**About this exercise:** Write out the data below in full, unchanged, minus the images.

**Given information:**
↓

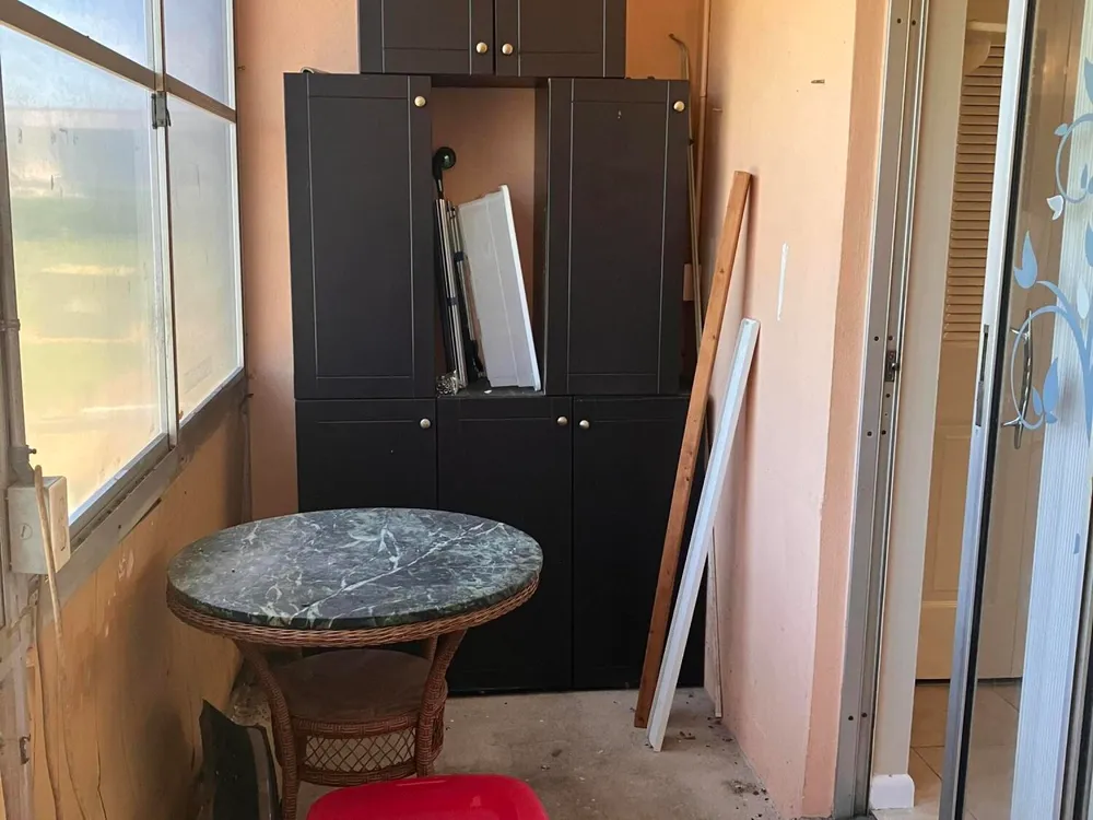 - Pantry, Living/Dining Room, Single Hung Metal Window(s), Window Vertical(s), Tub Shower, Storm Shutters
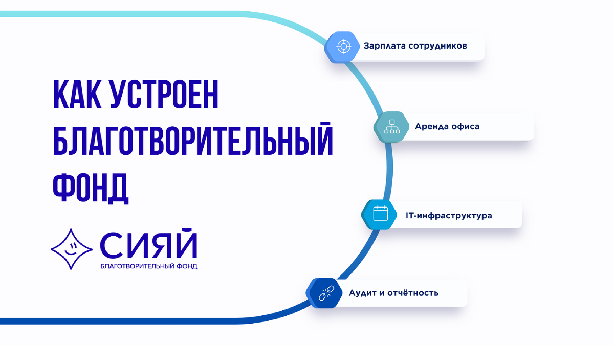 Это «сердце» фонда — средства, которые идут напрямую на помощь подопечным: o оплата лечения и реабилитации; o закупка оборудования и расходных материалов; o организация обучения и мастер‑классов; o поддержка спортивных и творческих проектов; o выплаты стипендий и грантов. 2. Административные расходы (10–20 %)
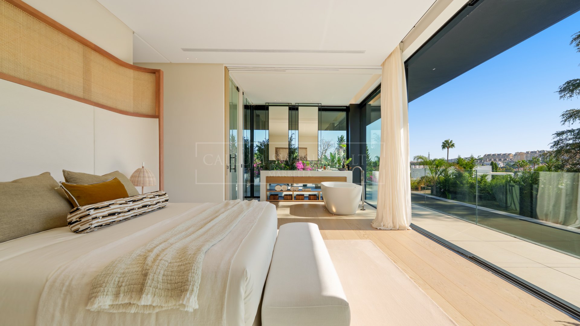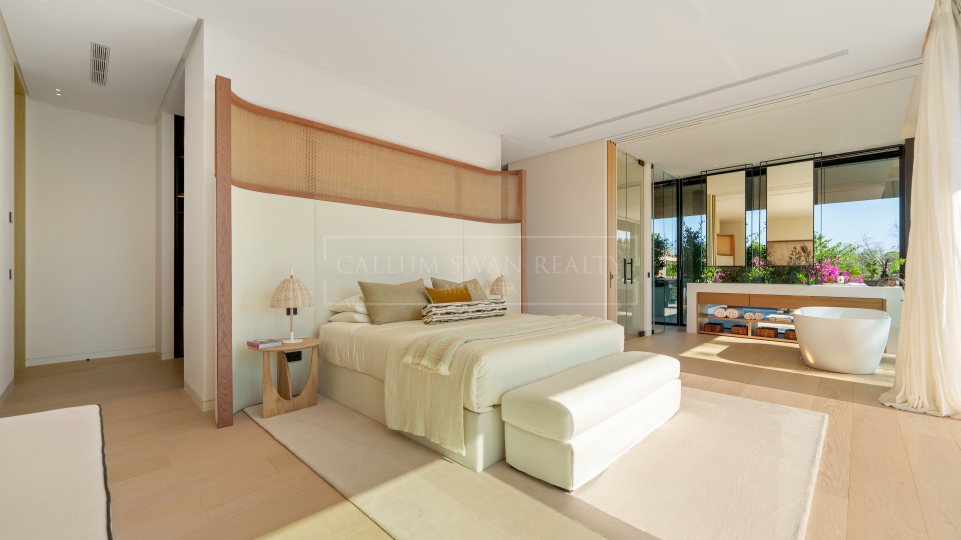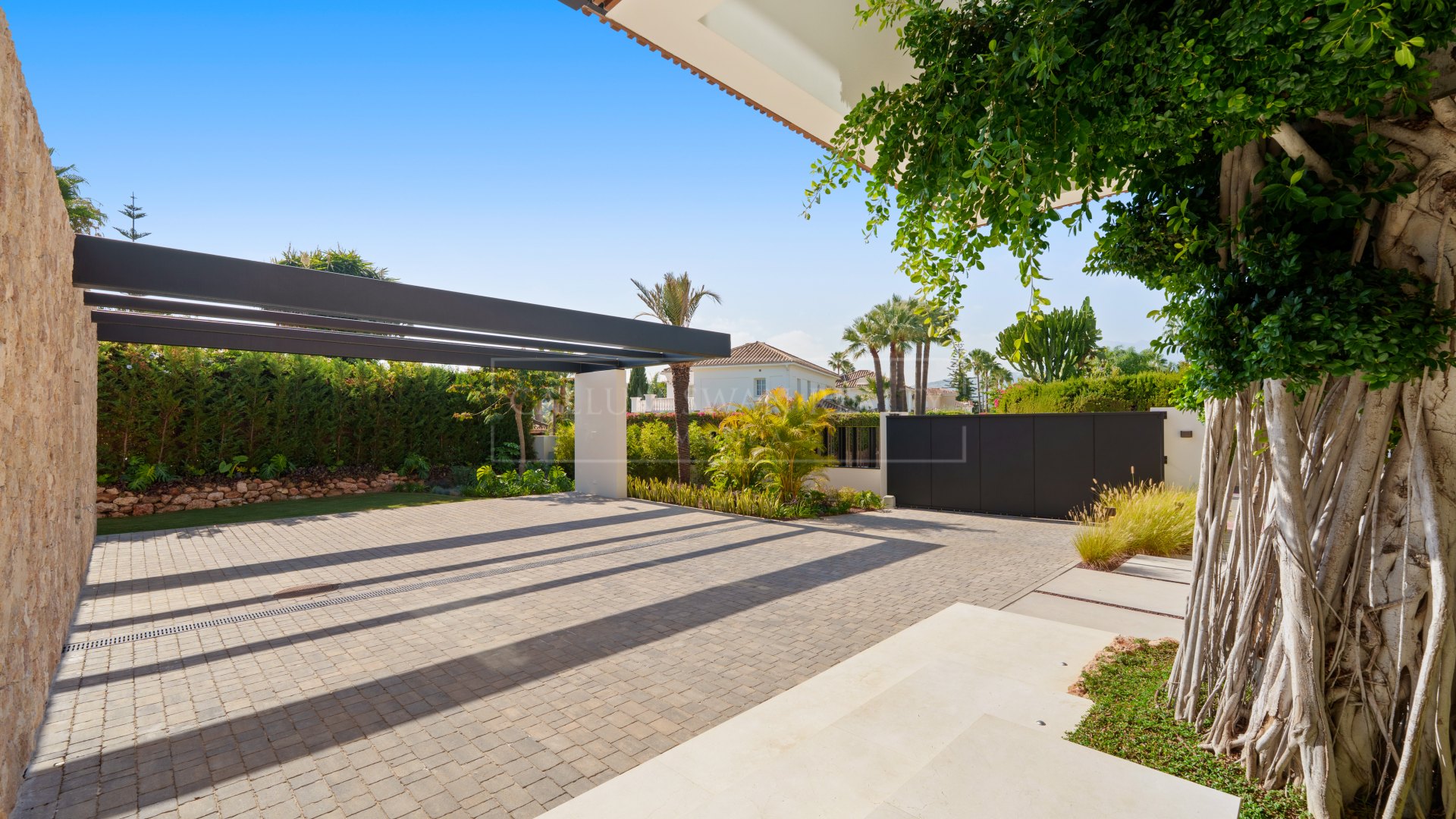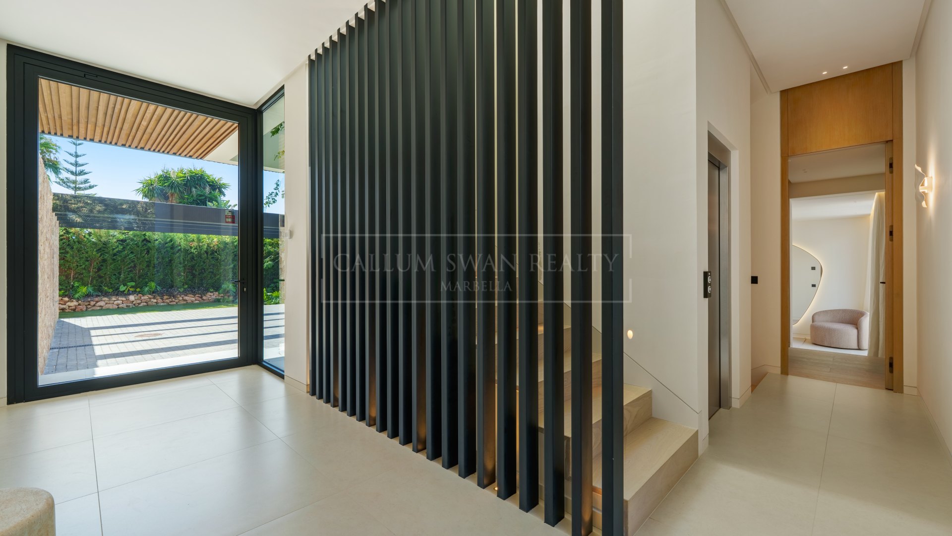 Situada dentro de la comunidad privada de Parcelas del Golf en Nueva Andalucía, esta villa de seis dormitorios de nueva construcción ofrece privacidad y comodidad. Situada en el Valle del Golf de Marbella, se encuentra a poca distancia en buggy de los campos de golf Las Brisas, Los Naranjos y Aloha, lo que la convierte en una excelente opción para los golfistas. Terminada en 2025, la villa ofrece fácil acceso a los principales destinos de Marbella, con la Milla de Oro y Puerto Banús a solo diez minutos, donde se encuentran restaurantes, boutiques, opciones de ocio y la playa.

↑

**Answer area:**
 - Pantry, Living/Dining Room, Single Hung Metal Window(s), Window Vertical(s), Tub Shower, Storm Shutters
 Это «сердце» фонда — средства, которые идут напрямую на помощь подопечным: o оплата лечения и реабилитации; o закупка оборудования и расходных материалов; o организация обучения и мастер‑классов; o поддержка спортивных и творческих проектов; o выплаты стипендий и грантов. 2. Административные расходы (10–20 %)
 Situada dentro de la comunidad privada de Parcelas del Golf en Nueva Andalucía, esta villa de seis dormitorios de nueva construcción ofrece privacidad y comodidad. Situada en el Valle del Golf de Marbella, se encuentra a poca distancia en buggy de los campos de golf Las Brisas, Los Naranjos y Aloha, lo que la convierte en una excelente opción para los golfistas. Terminada en 2025, la villa ofrece fácil acceso a los principales destinos de Marbella, con la Milla de Oro y Puerto Banús a solo diez minutos, donde se encuentran restaurantes, boutiques, opciones de ocio y la playa.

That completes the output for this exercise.